Slashdot Mirror


Hope For Fixing Longstanding Linux I/O Wait Bug

DaGoodBoy writes "There has been a long standing performance bug in Linux since 2.6.18 that has been responsible for lagging interactivity and poor system performance across all architectures. It has been notoriously difficult to qualify and isolate, but in the last few days someone has finally gotten a repeatable test case! Turns out the problem may not even be disk related, since the test case triggers the bug only by transferring data either between two processes or threads. The test results are very revealing. The developer ran regressions all the way back to version 2.6.15 that demonstrate this bug has more than doubled the time to run the test in 2.6.28. Many, many people working at improving the desktop performance of Linux will be very happy to see this bug die. I know that I, personally, will find a way to send the guy that found this test case his beverage of choice in thanks. Please spread the word and bring some attention to this issue so we can get it fixed!"

45 of 180 comments (clear)

  1. Dang!! by camperdave · · Score: 5, Funny

    Dang! I was going for First Post, but my machine was stuck in some weird I/O wait state.

    --
    When our name is on the back of your car, we're behind you all the way!
    1. Re:Dang!! by Anthony_Cargile · · Score: 2, Funny

      Damn futex_wait states!

    2. Re:Dang!! by Aphoxema · · Score: 2, Insightful

      It was funny to me

      --
      "Most people, I think, don't even know what a rootkit is, so why should they care about it?"
  2. Is this bug currently affecting .... by whoever57 · · Score: 4, Funny

    bugzilla.kernel.org?

    --
    The real "Libtards" are the Libertarians!
    1. Re:Is this bug currently affecting .... by 2Bits · · Score: 3, Funny

      With the current response time, obviously, yes.

    2. Re:Is this bug currently affecting .... by NekoXP · · Score: 2, Insightful

      Yes, by spreading the word and asking people to go look into fixes we crashed the bug tracker so nobody doing kernel development can file new bugs or new bug fixes for anything else today.

      Awesome plan. Really awesome.

    3. Re:Is this bug currently affecting .... by ArsonSmith · · Score: 3, Funny

      Given enough eyeballs, all bug tracking software is fragile

      --
      Paying taxes to buy civilization is like paying a hooker to buy love.
  3. Re:funny by Anthony_Cargile · · Score: 2, Interesting

    Anyone else notice the article 404ing from the front page? I'd say /. needs to fix some bugs/user errors rather than speak about a Linux IO latency most users don't even notice. Just an observation, and if you can read this, they either fixed it or you doctored up a query string like I did :D.

  4. KTorrent by Anonymous Coward · · Score: 2, Interesting

    I'm not sure if this is related, but has anyone else noticed KTorrent can really bog your system down without showing any excessive resource usage in KSysGuard? For all I know, it may be passing information between one thread and another, and it's disk I/O intensive.

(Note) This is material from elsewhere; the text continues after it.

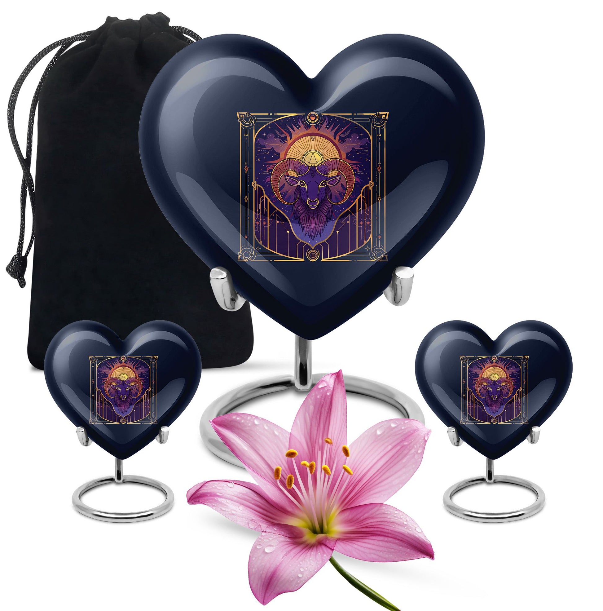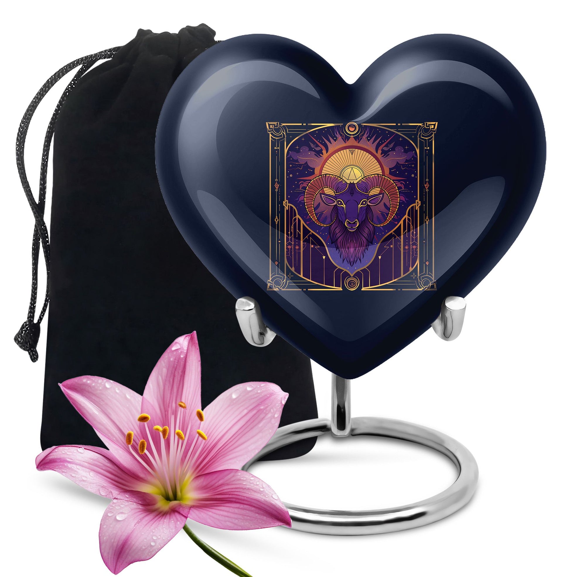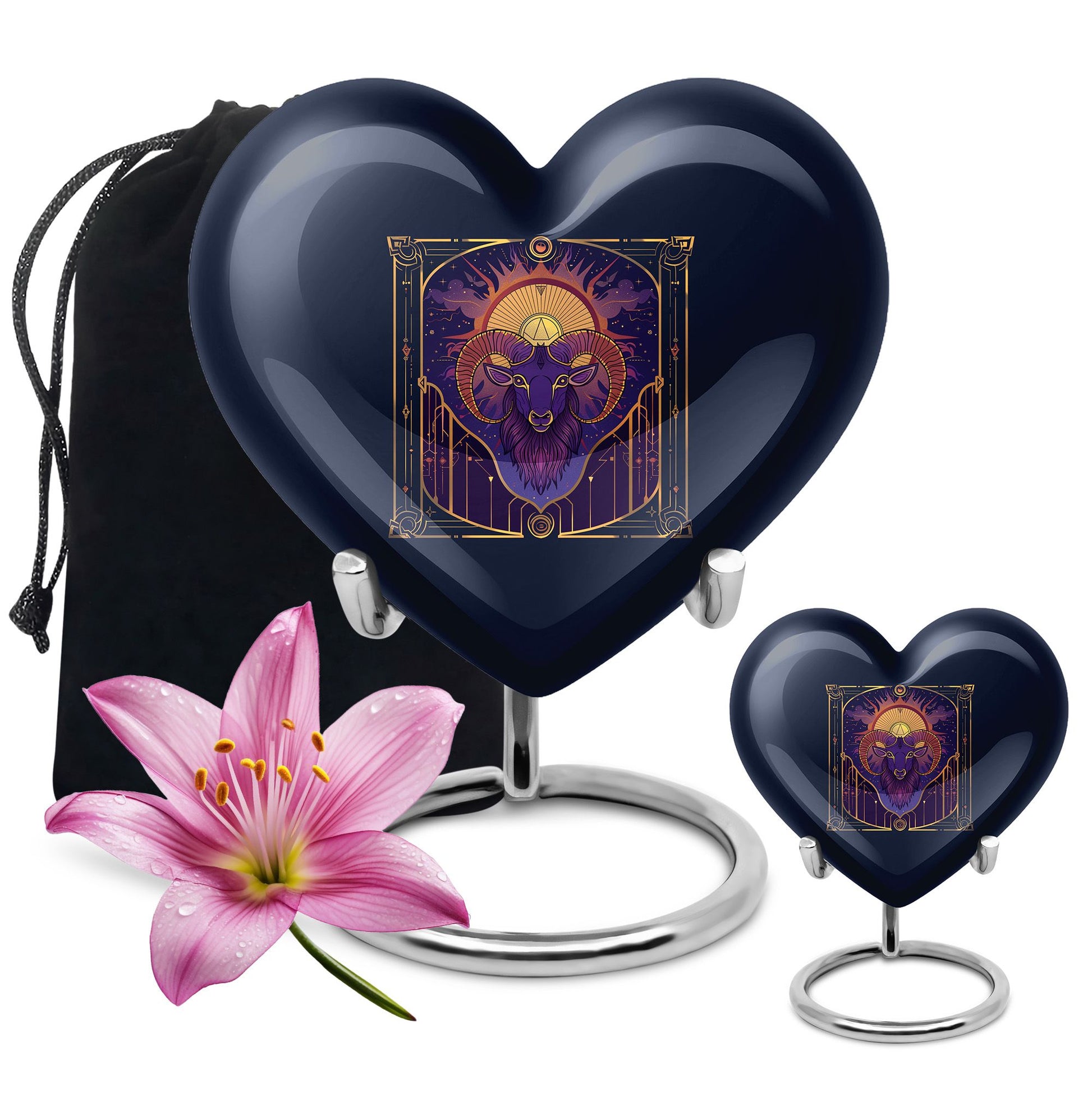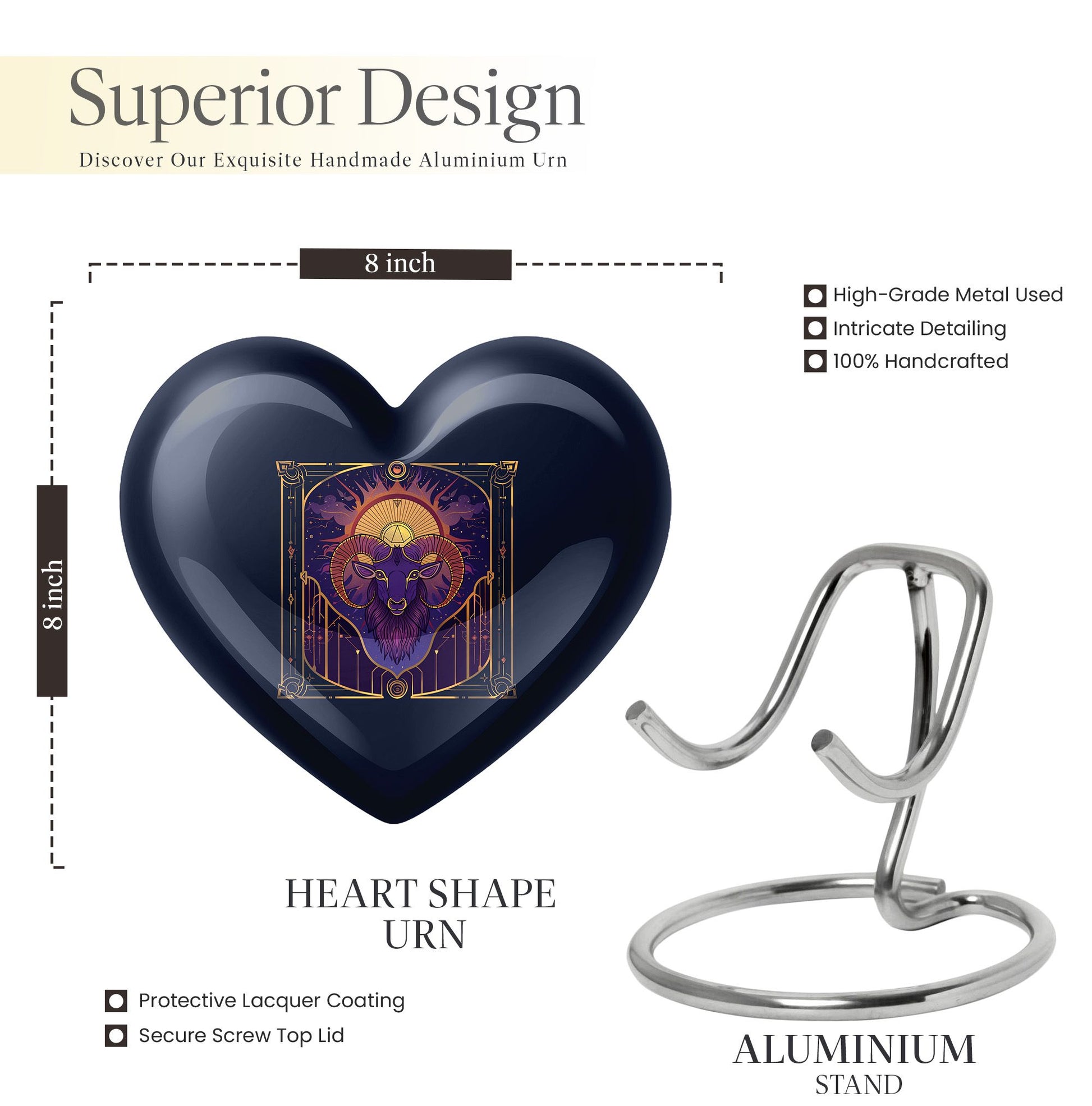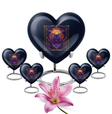 Honor the memories of your loved ones in an intimate and dignified manner with this Zodiac Memorial Large Urn for ashes. Crafted meticulously from high-quality aluminium, this 10-inch large urn weighs 3.3 pounds and holds up to 200 cubic inches of ashes, making it an apt resting place for your dearly departed. The urn's abstract theme offers a serene and thoughtful touch, resonating with tranquility and grace. Each order comes complete with a soft velvet pouch for secure containment of the ashes, enhancing the sanctity of this memorial ceremony supply. For a personal touch, you can customize it by engraving names upon it. This cremation urn is an ideal choice for artistic souls seeking for a profound symbol of love and remembrance. A perfect amalgamation of elegance and peace, this handcrafted funeral urn for women's ashes resonates with solitude and remembrance.

    1. Re:KTorrent by Nuitari+The+Wiz · · Score: 2, Informative

      There was a bug in ktorrent that cause an infinite loop when udp trackers were present in a torrent file, maybe you check if you have the latest version.

  5. Longstanding...Since 2.6.18 by akpoff · · Score: 3, Interesting

    Right. I had to get up in the morning at ten o'clock at night, half an hour before I went to bed, eat a lump of cold poison, work twenty-nine hours a day down mill, and pay mill owner for permission to come to work, and when we got home, our Dad would kill us, and dance about on our graves singing "Hallelujah." --Monty Python: Four Yorkshiremen

    Been waiting all of 2 years and change for your precious bug fix, 'ave you? You almost had my eyes tearing up there I tell ya: 25 Year Old BSD Bug.

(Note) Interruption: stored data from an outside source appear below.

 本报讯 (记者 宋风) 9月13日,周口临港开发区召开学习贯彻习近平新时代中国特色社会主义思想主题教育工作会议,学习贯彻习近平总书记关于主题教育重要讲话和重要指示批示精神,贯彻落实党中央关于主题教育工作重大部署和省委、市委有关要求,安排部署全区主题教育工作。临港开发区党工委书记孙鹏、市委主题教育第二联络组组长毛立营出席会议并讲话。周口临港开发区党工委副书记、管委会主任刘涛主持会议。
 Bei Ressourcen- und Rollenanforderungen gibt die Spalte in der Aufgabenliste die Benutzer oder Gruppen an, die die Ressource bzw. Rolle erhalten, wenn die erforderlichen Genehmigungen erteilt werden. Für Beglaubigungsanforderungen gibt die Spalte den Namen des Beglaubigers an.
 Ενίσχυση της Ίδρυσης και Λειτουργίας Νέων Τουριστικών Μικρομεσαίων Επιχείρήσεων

  6. Desktop??? by corychristison · · Score: 4, Insightful

    I'm not sure about anybody else here, but I was surprised to see that they mentioned that this will benefit 'Desktop' users.

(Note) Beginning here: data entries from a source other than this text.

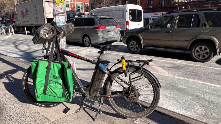A delivery worker in the East Village parks his bike with an UberEats insulated bag. Photo: Sophia Lebowitz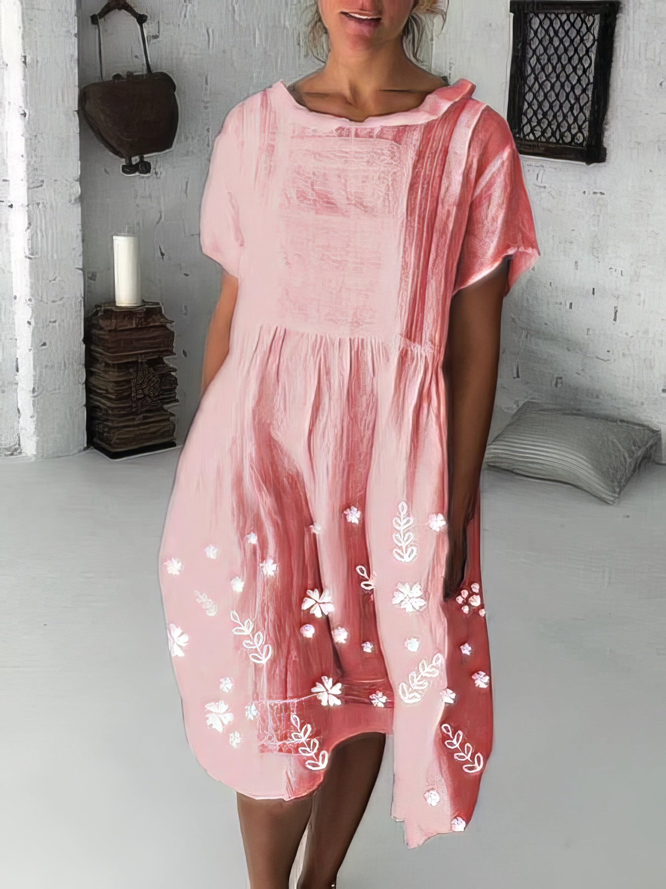 Die Hauptmerkmale sind das weiche pastellblaue Gewebe, verziert mit verspielter weißer Blumenstickerei für einen frischen, luftigen Look. Das knielange Design ist vielseitig für den Tages- und Abendentspannung geeignet. Kurze, sanfte Puffärmel verleihen einen subtilen romantischen Flair, während der breite, abgerundete Ausschnitt für eine uneingeschränkte, aber elegant gerahmte Passform sorgt.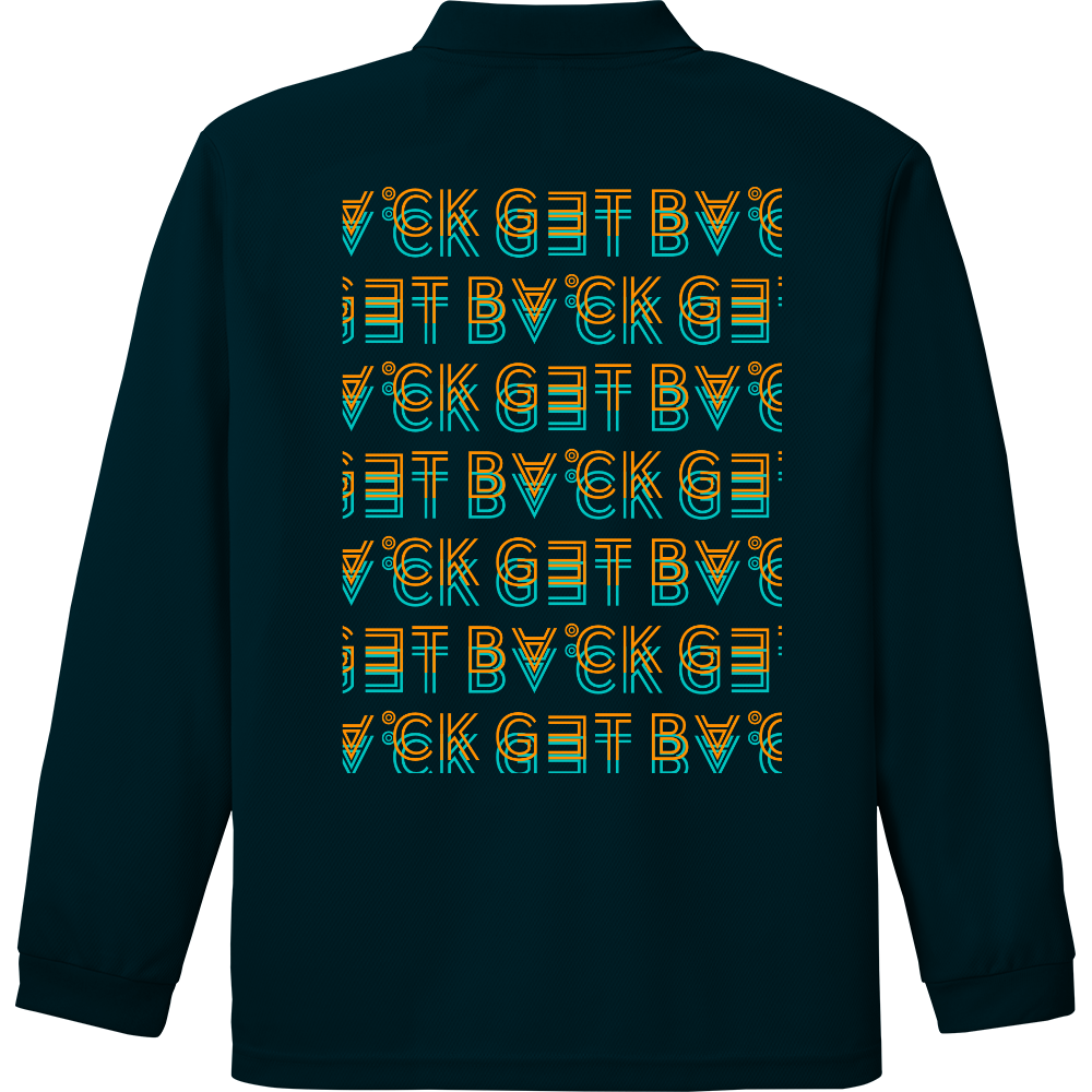 背面デザインが派手なGET BACKの長袖ポロシャツ。黒でシックに。 (サイズ:身巾/身丈/肩巾/袖丈)(cm) M:51/71/44/61 L:54/75/46/62
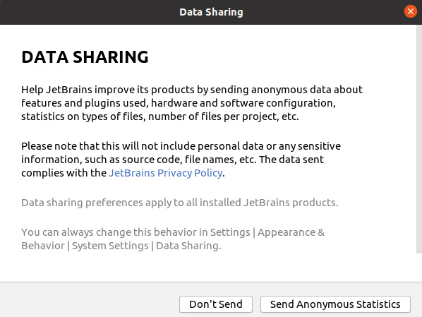 Aparecerá otra pantalla como la siguiente. Pulsa el botón «No enviar» para proceder al lanzamiento de PyCharm.

    I think that when it comes to the performance spectrum, Servers would be where this fix is the most needed. Admittedly if you are running a solid server, you should know to use older gen hardware and software that has been proven to be stable. However, some of this 'shiny new' tech coming out is appealing.

    How about the Seagate 1500GB drive hang error? To my understanding Windows has been fixed, but the problem still persists in Linux. Could this potentially make a difference? I've been looking to build myself a nice NAS and those 1500GB drives are _cheap_. I can pick one up for about $160. I remember not too long ago that could only get me 80GB.

    1. Re:Desktop??? by Anonymous Coward · · Score: 4, Informative

      I believe the 1.5tb Seagate linux hang has been fixed. We're using a lot of them (100's) where I work on Ubuntu Hardy servers and haven't had hangs.

    2. Re:Desktop??? by adolf · · Score: 2, Interesting

      Disk-to-disk operations would then bypass the kernel and asynchronous I/O would consume no primary resources. This was fashionable on some systems (most notably drives that used the IEEE 488 bus) in the 70s and was done to some degree with SCSI, but there's really no excuse for not providing such a capability on any modern drive.

      I bought that line, hook line and sinker, in the late 90's with a bunch of IBM 9ES ultra-wide SCSI disks and a good controller.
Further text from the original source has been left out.